The weight of authority is thus quite clear. The great majority of federal and state courts which have considered the self-help provisions have found them constitutional. See King v. South Jersey Nat'l Bank, supra at 168-69 n. 6. Further, commentators almost unanimously argue for the validity of such provisions. See 19 S.D.L. Rev., supra; Burke & Reber, State Action, Congressional Power and Creditors' Rights: An Essay on the Fourteenth Amendment, 47 S. Cal. L. Rev. 1 (1973); J. White & R. Summers, Handbook of the Law under the Uniform Commercial Code ยง 26-6 (1972). Professors White and Summers argue strenuously that striking down self-help provisions would be seriously detrimental to debtors. See J. White & R. Summers, *6 supra at 974-75. Professor Mentschikoff also advances strong policy considerations for upholding self-help provisions, including the dangers of increased costs to defaulting debtors, increased interest rates, additional burdens on court systems, and less readily available credit. Mentschikoff, Peaceful Repossession under the Uniform Commercial Code: A Constitutional and Economic Analysis, 14 Wm. & Mary L. Rev. 767 (1973).

[3] Thus, the issue before the court has been resolved by almost all courts and commentators which have considered it in favor of upholding the validity of self-help provisions, finding insufficient state action to justify invoking the due process clause. With these authorities we agree. Enactment of RCW 62 A. 9-503 is not in and of itself sufficient state action to compel invocation of the Fourteenth Amendment due process clause.
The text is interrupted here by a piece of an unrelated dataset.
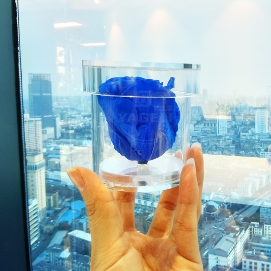 Our acrylic rose box displays your everlasting roses in the most dramatic way-suspended in a transparent box, you can admire the flowers 360 degrees.

We therefore hold the statute constitutional and affirm the trial court.


Petition for rehearing denied January 7, 1976.


[1] "Unless otherwise agreed a secured party has on default the right to take possession of the collateral. In taking possession a secured party may proceed without judicial process if this can be done without breach of the peace or may proceed by action. If the security agreement so provides the secured party may require the debtor to assemble the collateral and make it available to the secured party at a place to be designated by the secured party which is reasonably convenient to both parties. Without removal a secured party may render equipment unusable, and may dispose of collateral on the debtor's premises under RCW 62 A. 9-504." RCW 62 A. 9-503.